RTFM

Open-source multi-domain retrieval layer for AI agents — FTS5 + semantic search, 10 parsers, knowledge graph, Obsidian integration, MCP native.

RTFM

Retrieve The Forgotten Memory

The open retrieval layer your AI agent was missing

Index everything in your project — code, docs, PDFs, legal texts, research, data — and your agent finds the right context instantly. No hallucinations. No cloud. No API costs.

Free · Local · Open Source · MIT

PyPI version License: MIT Python MCP Claude Code GitHub stars


The problem

Your AI agent is flying blind.

It greps through thousands of files, misses the doc that answers the question, invents modules that don't exist, forgets what you decided last session. The bigger the project, the worse it gets. You've added a smarter model. It didn't help. Because the bottleneck isn't intelligence — it's retrieval.

Code indexers (Augment, Sourcegraph, Cursor) only see code. But your project isn't just code. It's specs, PRs, architecture decisions, research papers, PDFs, regulations, vault notes — the context your agent needs to stop guessing.

Why I built this

I was writing a French tax article (~50 pages of regulatory text, cross-references between code articles, case law, administrative doctrine). Claude Code kept grep-ing the same directories in loops, running out of context, and producing confidently wrong citations. I'd added more memory, better prompts, a smarter model. None of it worked, because the agent wasn't reasoning badly — it just couldn't find the right paragraph in a 2,000-file legal corpus. So I stopped trying to make the model smarter and built the layer it was missing. That's RTFM.

The solution

RTFM indexes everything. One command, one SQLite file, one retrieval layer your agent queries before grepping.

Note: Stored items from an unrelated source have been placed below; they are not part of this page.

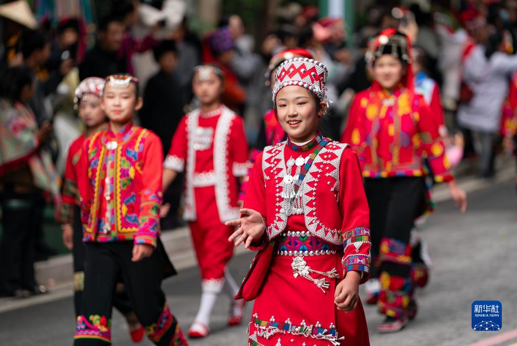 11月19日,綠春縣哈尼族群眾參加哈尼長(cháng)街古宴巡游展演。
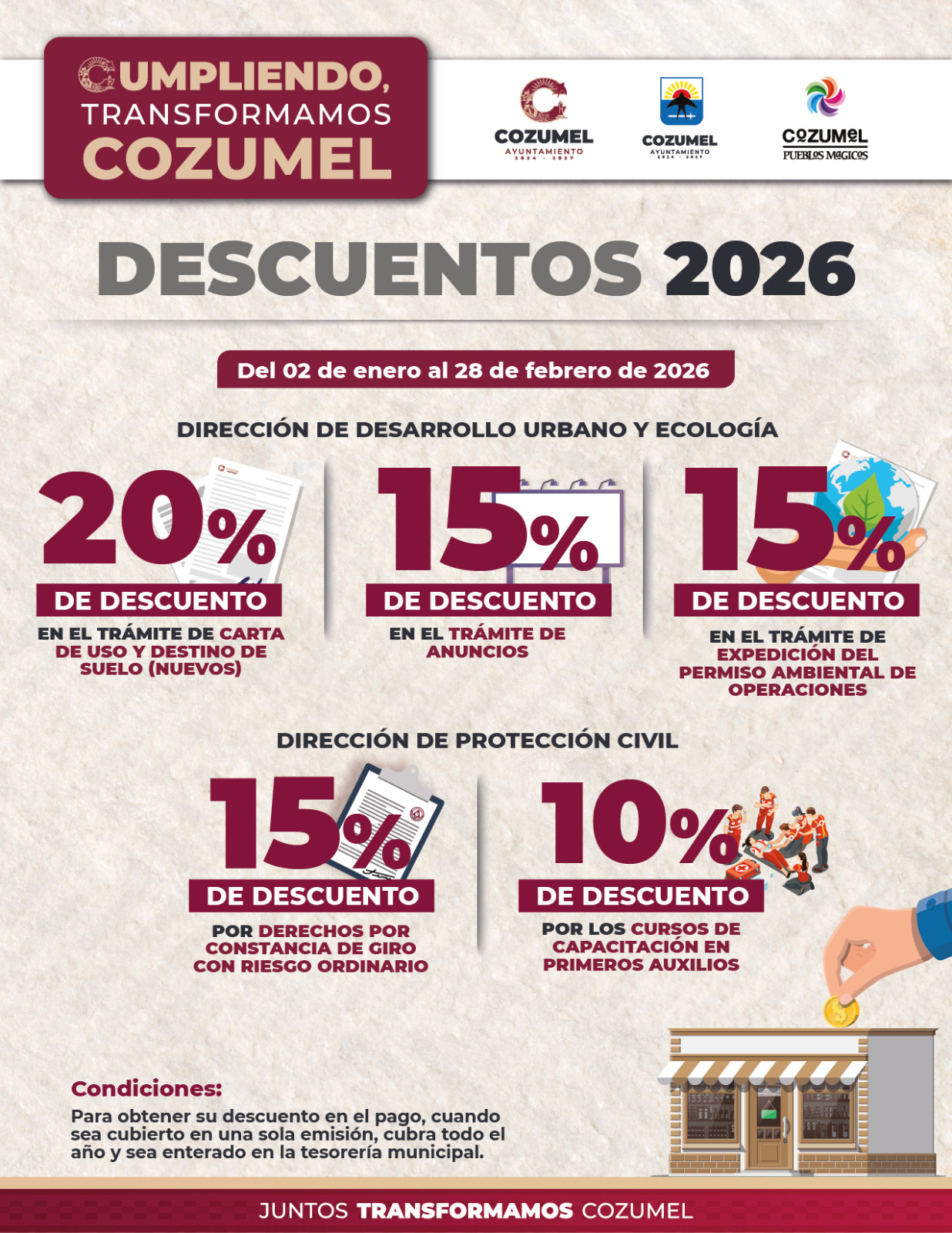 “Cumpliendo Transformamos Cozumel” contempla en la primera fecha, del 2 al 21 de enero el 15 por ciento de descuento en el pago en una sola exhibición del Impuesto Predial y del 2 de enero al 28 de febrero el 10 por ciento de descuento en el pago por el servicio de recoja de basura en casa habitación y local comercial, así como también el 20 por cuento de descuento a inscritos en el convenio “Blindaje Cozumel” avalados por Seguridad Pública y/o la Secretaría de Seguridad Ciudad.
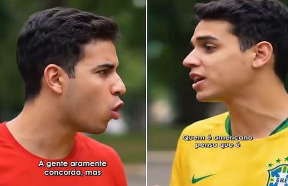 “A gente raramente concorda, mas atacar a soberania do Brasil, assim, do nada, não dá”, diz o personagem de vermelho. O outro, em tom de surpresa, concorda: “Finalmente vou ter que concordar com você. Quem esse americano pensa que é, achando que é o dono do mundo? Aqui é Brasil, não é a Disney.”

pip install rtfm-ai && cd your-project && rtfm init

30 seconds. Claude Code now searches your indexed knowledge base — code and docs and PDFs and whatever else you drop in — with full-text, semantic, or hybrid search. The agent sees 300 tokens of metadata first, then expands only what's relevant. Progressive disclosure instead of context dumps.

Free. Runs locally. No API keys. No cloud. Your data stays yours.

What it looks like

$ rtfm search "authentication flow" --limit 3
[1] src/auth/handlers.py > authenticate_user (p.2)    score 9.12
    src/auth/handlers.py:147  42 lines
[2] docs/architecture/auth.md > SSO flow (p.1)        score 7.84
    docs/architecture/auth.md:1   23 lines
[3] docs/ADR/0007-oauth.md > Decision (p.1)           score 6.90
    docs/ADR/0007-oauth.md:12  18 lines

Three results, ~300 tokens. The agent decides what to read next with rtfm_expand(source, target_section) — not a context dump, a conversation.


Quick start

Recommended — Claude Code plugin

In Claude Code (CLI or Desktop Code tab) :

/plugin marketplace add roomi-fields/rtfm
/plugin install rtfm@rtfm

That's it. The plugin auto-initializes each project on first use:

  • Creates .rtfm/library.db (one SQLite file)
  • Injects search instructions into CLAUDE.md
  • Pre-grants permission for the MCP tools (no prompt every search)
  • Indexes the project on the first prompt, re-indexes incrementally on every prompt

No pip install required. Pure Python, runs on Linux / macOS / Windows / WSL with Python 3.10+ already on PATH. The plugin bundles its own MCP server (no mcp SDK dep) and resolves python3 / python / py automatically.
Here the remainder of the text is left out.